You pulse the light source. After the light pulse ends, plus a predetermined delay, the device start recording image data. Each successive pixel altered past that point represents image data and the time of the occurrence in milliseconds represents range.

What I do not know at this time are the timing characteristics of a typical smartphone camera's ccd array and those of a laser that might prove suitable to this task. Perhaps some of the more technically gifted can offer some guidance.

[transmitterdan]

I don’t understand what problem you are trying to solve.

Rangefinders don’t measure time delay directly. They measure the phase of the light frequency between source and reflection which is linear with time delay. A camera CCD is much too slow to measure speed of light events. Typical frame rates are in tens of milliseconds between frames.

Maybe instead of writing up the solution you could clearly state the problem first. Are you trying to see things relative to the boat (like radar) or trying to identify the position of things relative to a fixed coordinate system?

[CareKnot]

Hi Dan,
Thanks for responding. I'll answer you as best I can. You said:

Quote:

Originally Posted by transmitterdan

I don’t understand what problem you are trying to solve.

Forgive me if I wasn't clear, Dan. I tend to ramble when I get inspired. If I could, I would heavily edit the preceding posts.

This isn't so much about finding a solution to a specific problem. It is about more fully realizing opportunities. My clumsy efforts to explain my intentions have obviously caused some confusion. Mea culpa.

Cost is an overarching concern for many recreational and cruising mariners. Navigation instruments are expensive. I am attempting to mitigate those costs by repurposing existing and widely available hardware such as a smartphone The goal is producing useful location data and interfacing that data with the OCPN platform, 'on the cheap'.

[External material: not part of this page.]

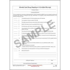J. J. Keller Alcohol & Drug Employee's Certified Receipt
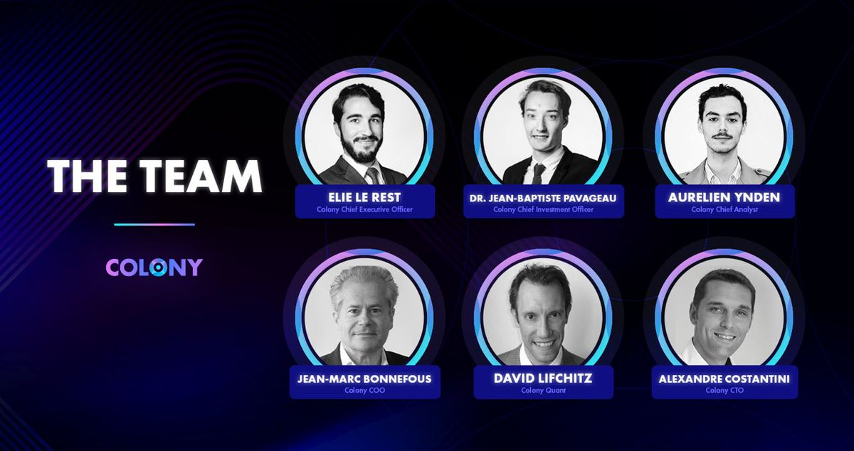 Đội ngũ phát triển dự án Colony bao gồm những thành viên với nhiều năm kinh nghiệm trong lĩnh vực đầu tư và quản lý tài sản. Đa số các thành viên trong đội ngũ đền từ quỹ ExoAlpha, một quỹ đầu tư chuyên về các tài sản điện tử, với volume giao dịch hàng tháng lên tới gần nửa tỷ đô la.

OCPN is an extraordinary navigational tool. It is a feature rich package and offers a flexible platform for developing an astonishing array of plugins. I simply want to be able to contribute to this effort, not by writing code, but by thinking outside of the box.

It seems to me that the sensing, measuring and processing capabilities of current smartphones should be exploited for the recreational and cruising mariner and the OCPN platform. So, the purpose of this exercise is fourfold;

1. Uncover the most efficient means of utilizing readily available hardware,
2. Expand on available capabilities with external devices where needed,
3. Generate useful data streams for the OCPN platform and,
4. Campaign to expand the platform itself to include multiple data contributors, a data storage platform, data processing to discrete products, and finally, automatic download of those products and some form of automatic updates.

The first scenario I am exploring is extrapolating a smartphone's data (time, position, orientation, direction of motion, speed, etc.) to other objects and vessels. The applications of the data collection effort might include collision avoidance, Notice to Mariner type information and navigable cartographic updates to name but a few, so...

On the subject of rangefinding and how it is used to extrapolate the device's location related data to line-of-sight objects and vessels:
There are a number of DIY projects that I am researching. Some may be worth pursuing. On the other hand, there are some laser rangefinders that boast a computer interface, but they seem cost prohibitive. So I am soliciting thoughtful contributions.

I hope this gives you a better idea of my intentions. This being a case of eating the proverbial elephant, it will have to be taken one bite at a time. Ask anything you like.

[CareKnot]

I've been spending a bit of time here: https://forums.parallax.com/discussi...r-big-distance

There are some pretty good discussions on DIY stuff, some of which they have turned into commercial products.